フィギュアスケートを外野から楽しむ&応援するための会


by carthaginois
グランプリ・シリーズ第4戦フランス大会で、今シーズン初登場の浅田真央選手。タチアナ・タラソワコーチと本格的コンビを組んでの最初の大会。そのフリー『仮面舞踏会』を見ていて、04-05シーズンの、やはりタチアナさんが手がけた荒川静香さんのフリー『ロミオ&ジュリエット』の時のことが思い出されました。

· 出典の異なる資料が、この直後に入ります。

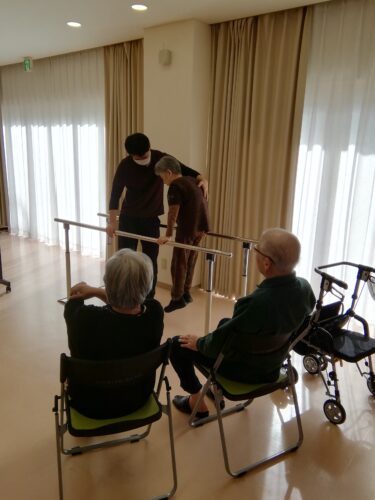 平行棒では入居者様の筋力アップや歩行安定の維持の訓練となっており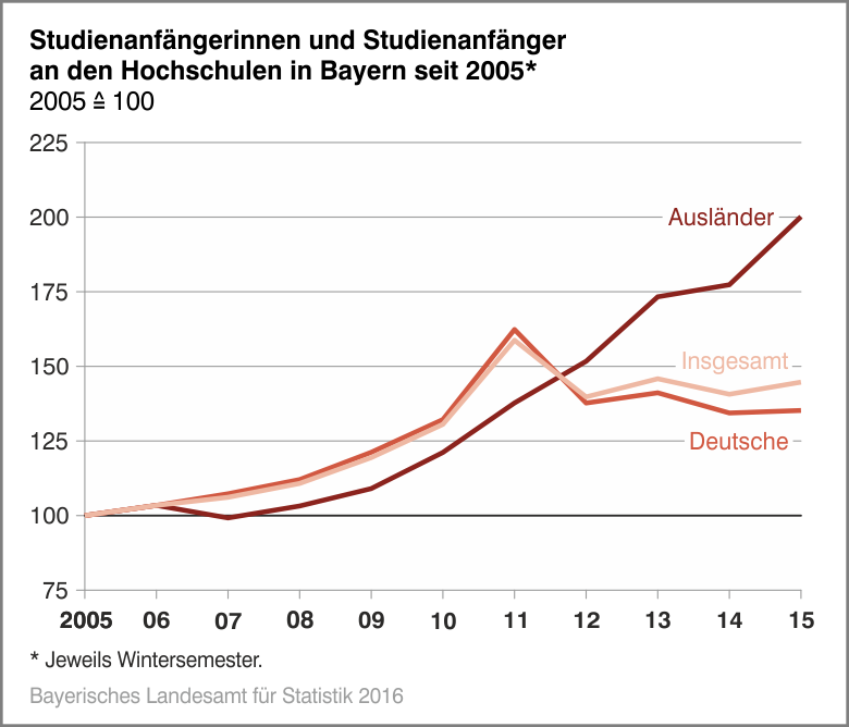 2015 um 0,1 Prozent unter dem Vorjahresniveau lag, stieg die Zahl der Ausländer, die in Bayern ein Studium aufnahmen um 12,6 Prozent auf 17 756 an. Damit hatte über ein Fünftel der Studienanfänger/-innen (23,9 Prozent) eine ausländische Staatsangehörigkeit. Rund 70,9 Prozent dieser Erstimmatrikulierten nahmen ein Universitätsstudium auf.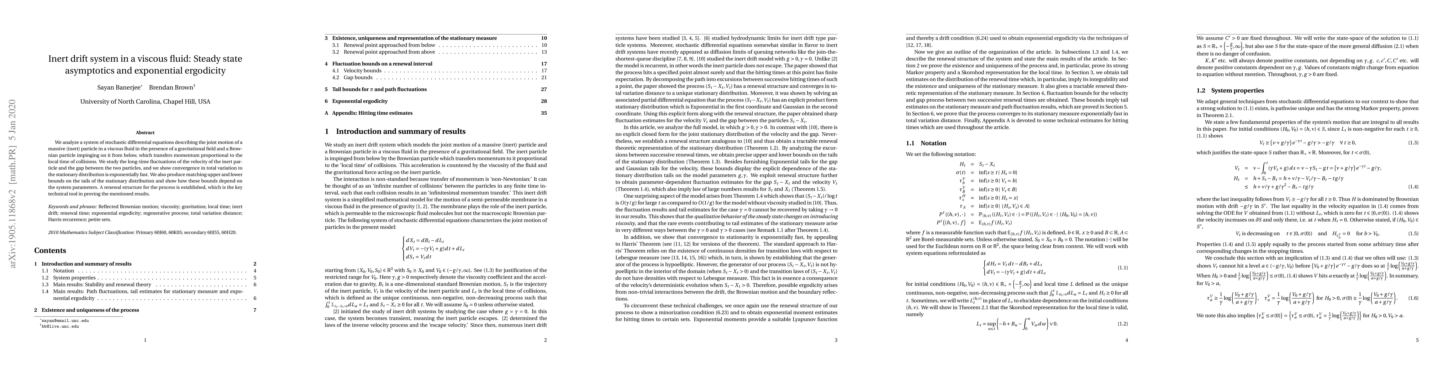 We analyze a system of stochastic differential equations describing the joint motion of a massive (inert) particle in a viscous fluid in the presence of a gravitational field and a Brownian particle impinging on it from below, which transfers momentum proportional to the local time of collisions. We study the long-time fluctuations of the velocity of the inert particle and the gap between the two particles, and we show convergence in total variation to the stationary distribution is exponentially fast. We also produce matching upper and lower bounds on the tails of the stationary distribution and show how these bounds depend on the system parameters. A renewal structure for the process is established, which is the key technical tool in proving the mentioned results.
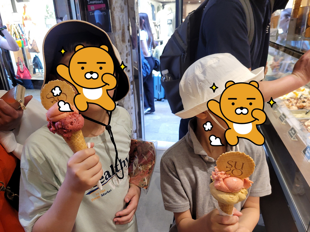 아이들은 딸기맛을 먹었는데 너무 맛있다고 한다. 당 충전을 하며 다시 산마르코 광장을 향해 갔다.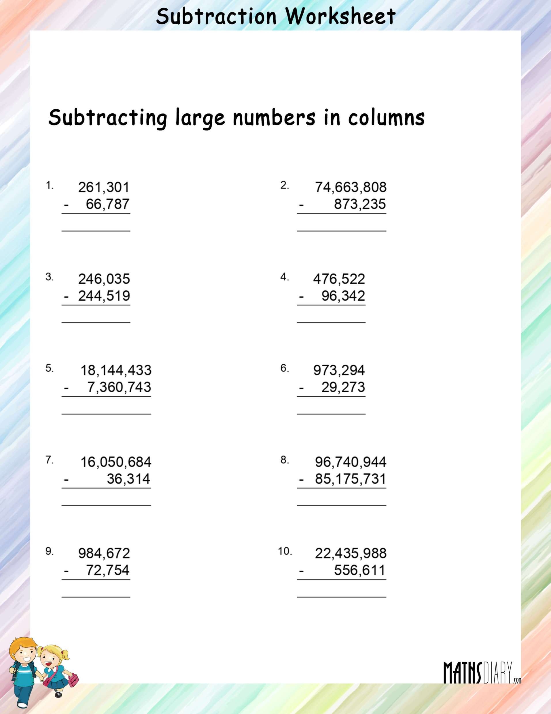 Subtracting large numbers can be a challenging task for students, especially when dealing with multiple digits. To help students master this skill, teachers often provide them with worksheets that contain various subtraction problems involving large numbers. These worksheets not only help students practice their subtraction skills but also improve their mental math abilities.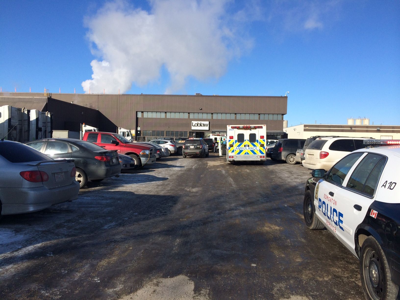 Dozens of officers were called to the Loblaw warehouse at 161 Street and 121 A Avenue just after 2:00 p.m.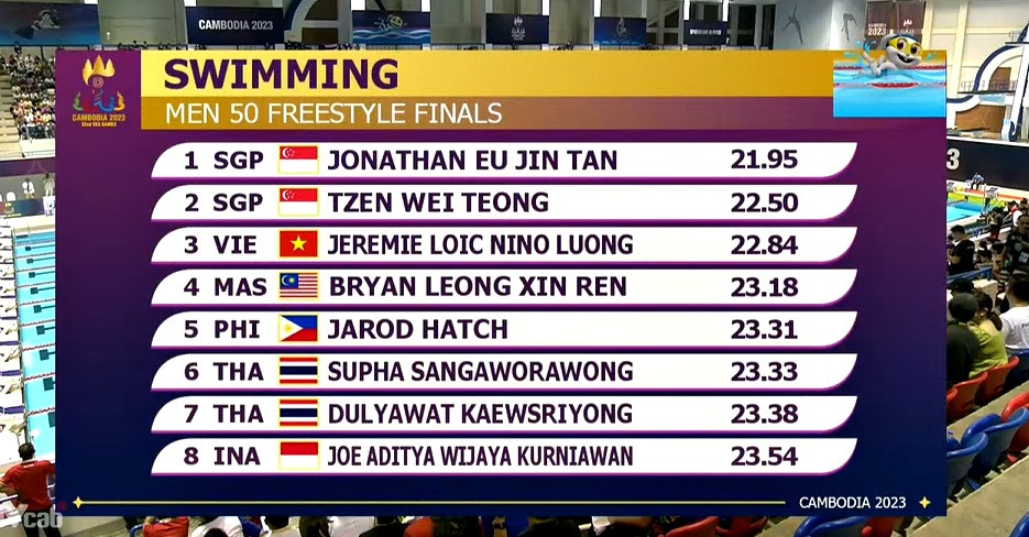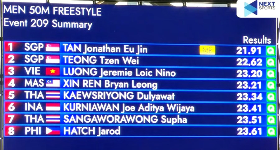 Kình ngư Việt kiều Pháp Jeremie Loic Nino Lương cán đích thứ 3 với thành tích 22 giay 84 để giành HCĐ nội dung 50m tự do nam. HCV và HCB đề thuộc về các VĐV của Sinapore.

オリンピックのプレ・シーズン、タラソワ・コーチは、ほんまハードで重い負荷、試練を愛弟子に与えて、がちがちに鍛えあげるんやなぁ~、あの強面(こわおもて)で選手を崖っぷちに追い込むんやなぁ~と………
高度な技のわんさわんさのてんこ盛りのオンパレードで、見せるプログラムというより、まずトレーニング・プロとしての意味合いが強いといった印象でしょうか…
音楽もなんのてらいもない直球で来ましたね…そしてこのロシア風ゴテゴテのゴージャス感は、これまでの真央選手にない持ち味。
勝つためのプログラムというより、選手の基礎力を高め、表現の幅をグーンを押し広げるためのまさに構造改革、真央版ペレストロイカ。このプログラム『仮面舞踏会』が真央選手を覆っている魔法のカーテンだとすると、このカーテンをマジシャンのようにパッーと取り払うと、そこにはさらに大きくなった、さらに輝きを増した真央選手が現れるという仕掛け……やっぱりタラソワさんは、魔女社会の大御所、なんて言ったらお怒りにならしゃいますでしょうか…?

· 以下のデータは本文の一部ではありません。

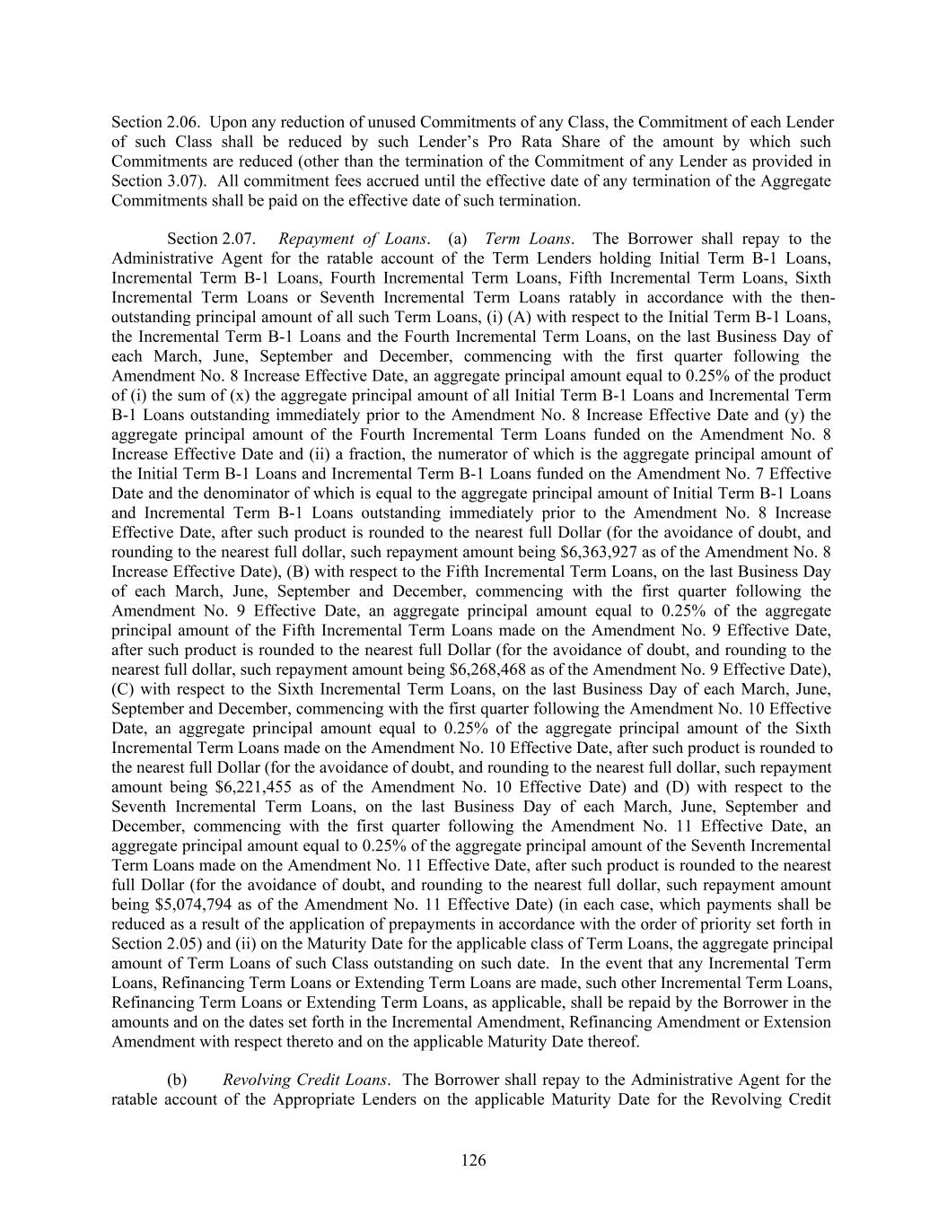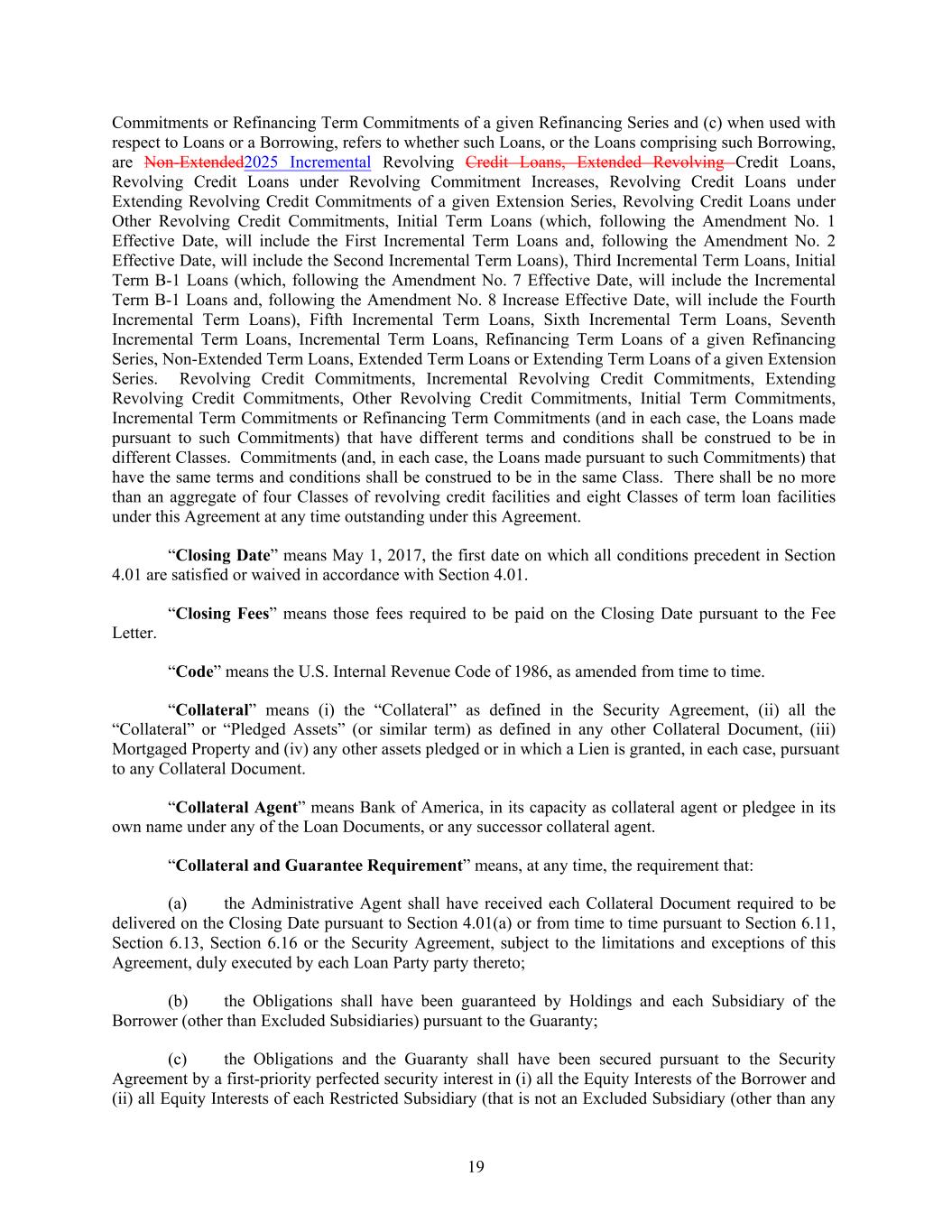 Commitments or Refinancing Term Commitments of a given Refinancing Series and (c) when used withrespect to Loans or a Borrowing, refers to whether such Loans, or the Loans comprising such Borrowing,are Non-Extended2025 Incremental Revolving Credit Loans, Extended Revolving Credit Loans,Revolving Credit Loans under Revolving Commitment Increases, Revolving Credit Loans underExtending Revolving Credit Commitments of a given Extension Series, Revolving Credit Loans underOther Revolving Credit Commitments, Initial Term Loans (which, following the Amendment No. 1Effective Date, will include the First Incremental Term Loans and, following the Amendment No. 2Effective Date, will include the Second Incremental Term Loans), Third Incremental Term Loans, InitialTerm B-1 Loans (which, following the Amendment No. 7 Effective Date, will include the IncrementalTerm B-1 Loans and, following the Amendment No. 8 Increase Effective Date, will include the FourthIncremental Term Loans), Fifth Incremental Term Loans, Sixth Incremental Term Loans, SeventhIncremental Term Loans, Incremental Term Loans, Refinancing Term Loans of a given RefinancingSeries, Non-Extended Term Loans, Extended Term Loans or Extending Term Loans of a given ExtensionSeries. Revolving Credit Commitments, Incremental Revolving Credit Commitments, ExtendingRevolving Credit Commitments, Other Revolving Credit Commitments, Initial Term Commitments,Incremental Term Commitments or Refinancing Term Commitments (and in each case, the Loans madepursuant to such Commitments) that have different terms and conditions shall be construed to be indifferent Classes. Commitments (and, in each case, the Loans made pursuant to such Commitments) thathave the same terms and conditions shall be construed to be in the same Class. There shall be no morethan an aggregate of four Classes of revolving credit facilities and eight Classes of term loan facilitiesunder this Agreement at any time outstanding under this Agreement.“Closing Date” means May 1, 2017, the first date on which all conditions precedent in Section4.01 are satisfied or waived in accordance with Section 4.01.“Closing Fees” means those fees required to be paid on the Closing Date pursuant to the FeeLetter. “Code” means the U.S. Internal Revenue Code of 1986, as amended from time to time.“Collateral” means (i) the “Collateral” as defined in the Security Agreement, (ii) all the“Collateral” or “Pledged Assets” (or similar term) as defined in any other Collateral Document, (iii)Mortgaged Property and (iv) any other assets pledged or in which a Lien is granted, in each case, pursuantto any Collateral Document.“Collateral Agent” means Bank of America, in its capacity as collateral agent or pledgee in itsown name under any of the Loan Documents, or any successor collateral agent.“Collateral and Guarantee Requirement” means, at any time, the requirement that:(a) the Administrative Agent shall have received each Collateral Document required to bedelivered on the Closing Date pursuant to Section 4.01(a) or from time to time pursuant to Section 6.11, Section 6.13, Section 6.16 or the Security Agreement, subject to the limitations and exceptions of thisAgreement, duly executed by each Loan Party party thereto;(b) the Obligations shall have been guaranteed by Holdings and each Subsidiary of theBorrower (other than Excluded Subsidiaries) pursuant to the Guaranty;(c) the Obligations and the Guaranty shall have been secured pursuant to the SecurityAgreement by a first-priority perfected security interest in (i) all the Equity Interests of the Borrower and(ii) all Equity Interests of each Restricted Subsidiary (that is not an Excluded Subsidiary (other than any19

ちょっとネット百科事典(ウィキペティア)でT.T.先生のこと、お勉強してみました。
今年(2008年)、めでたくフィギュアの殿堂入りを果たされたそうですが、タチアナ先生、調べたところでは1988年から6大会連続で、オリンピックの金メダリストを連続して輩出しているのですね。さすが名伯楽!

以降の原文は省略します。